> Input data:
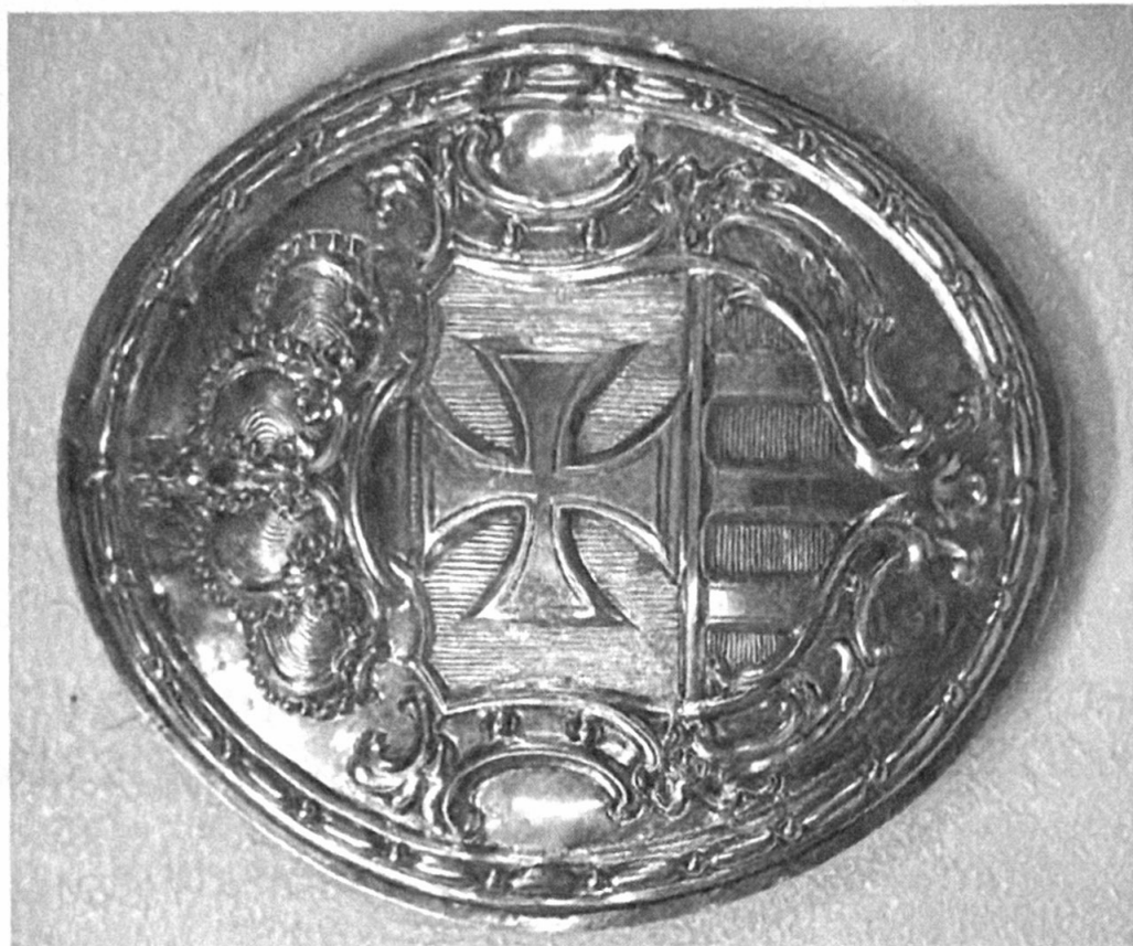
Escudo Mercedario. Uno en cada costado de las andas de Jesús.
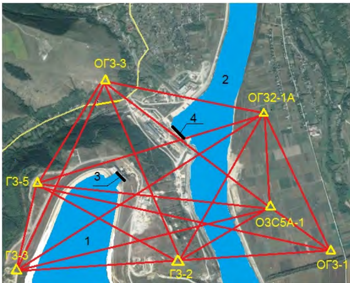
Рис. 1. Схема розташування пунктів каркасної геодезичної мережі і основних споруд Дністровської ГАЕС:

1 – верхнє водоймище; 2 – буферне руслове водоймище; 3 – водоприймач; 4 – водовипуск
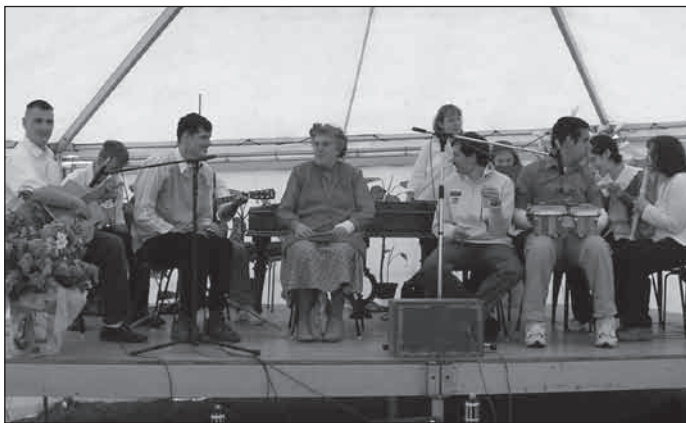
2007. az ESE Csipet csapat zenekara
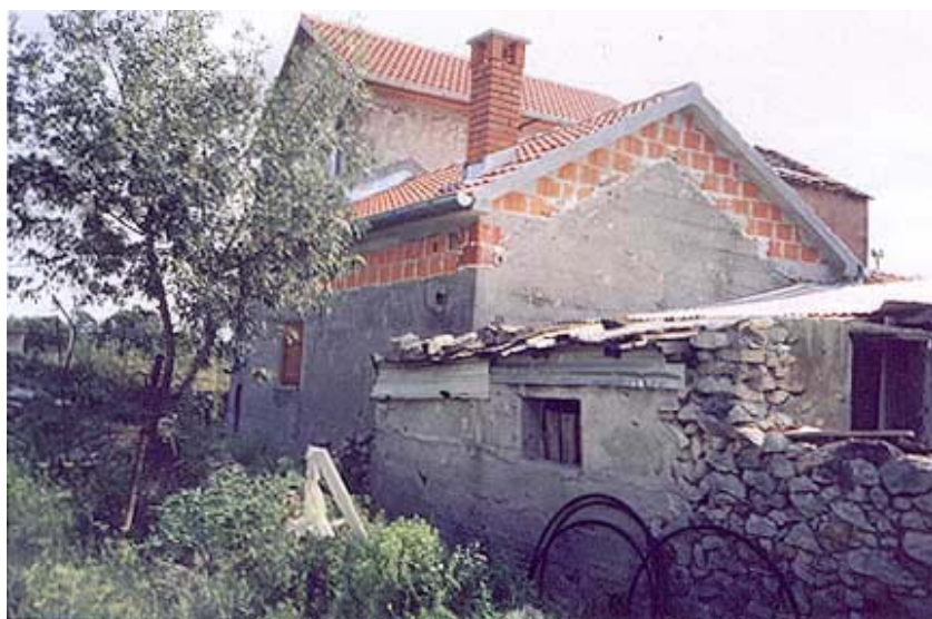
Obnovljena kuća u Zemuniku

Na području obnove pod nazivom Dalmacija obnovit će se ove godine 440 kuća te još 96 s pomoću programa CARDS. Trenutačno se obnavlja
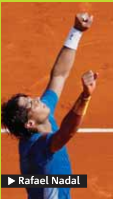
► Rafael Nadal
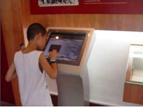
माहिती देण्यासाठी तंत्रज्ञानाचा उपयोग

प्रेक्षणीय स्थळाच्या मध्यभागी जी इमारत आहे ती प्रामुख्याने सभागृहाची इमारत आहे. तेथे पुढारी आणि कार्यकर्ते यांच्या सभा होत असत. नवीन स्वयंसेवकांना प्रबोधन येथेच दिले जाई. या सभांचे स्वरूप कसे होते याचे चित्ररूप प्रदर्शन आपल्याला या इमारतीत पाहायला मिळते. इमारत जुन्या पद्धतीची असून चीनी देवळे ज्या पद्धतीने बांधली जातात त्याच पद्धतीने या इमारतीचे काम करण्यात आलेले आहे. बाहेरून ही इमारत अतिशय सुंदर दिसते. चीनी क्रांतीचे उगमस्थान म्हणून या ठिकाणाकडे पाहता येईल. चीनी राज्यकर्त्यांनी या स्थळाचे चांगले जतन केलेले आहे. विशेष म्हणजे त्या वेळच्या क्रांतीच्या जनकाची तत्त्वे त्यांनी पूर्णपणे सांभाळली नाहीत. गरजेप्रमाणे त्यांनी त्यात सुधारणा केली आणि बदल केले तरीही समाजवादाचा मूळ ढाचा त्यांनी बदललेला नाही.
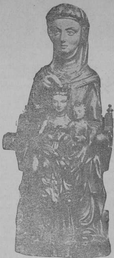
Parece escultura original del siglo XIV; pintura segunda mitad del XVI
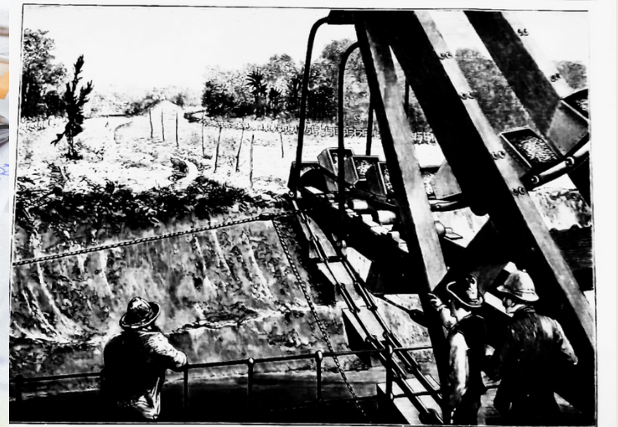
рытія Панамскаго перешейка. Цѣпная землечерпальная машина на пароходѣ. Съ наброска Мельтопа Прайдора въ III. I. N., грав. М. Гамельскій.
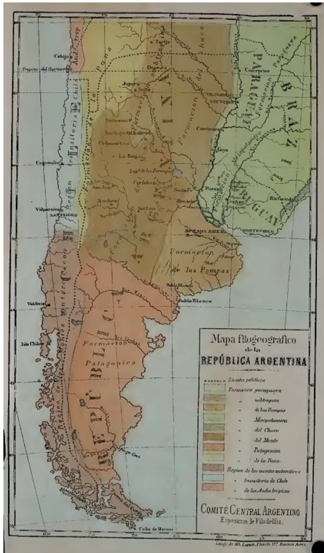
Figura 3. Mapa fitogeográfico de la República Argentina. Mapa elaborado por el Comité Central Argentino

Nota. Mapa elaborado a pedido del Estado Nacional para la Exposición de Filadelfia.
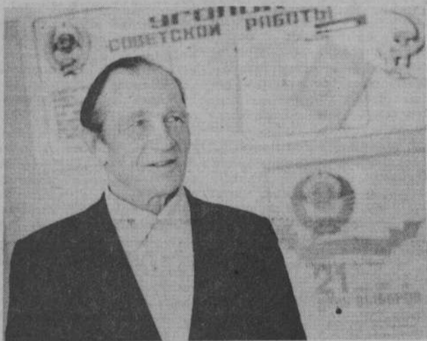
АКТИВИСТЫ ПРЕДВЫБОРНОЙ КАМПАНИИ
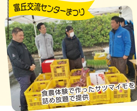
富丘交流センターまつり
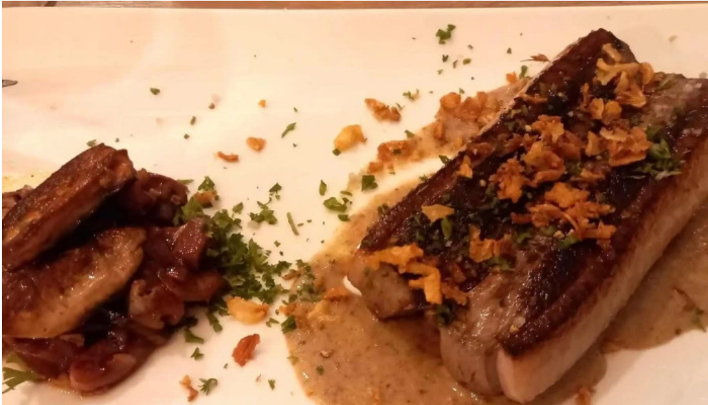
Le bistronome restaurant

> Exercise: Would you count the lines in the data that include the word "kuća" and reply with only the number?

> Result of this exercise: 2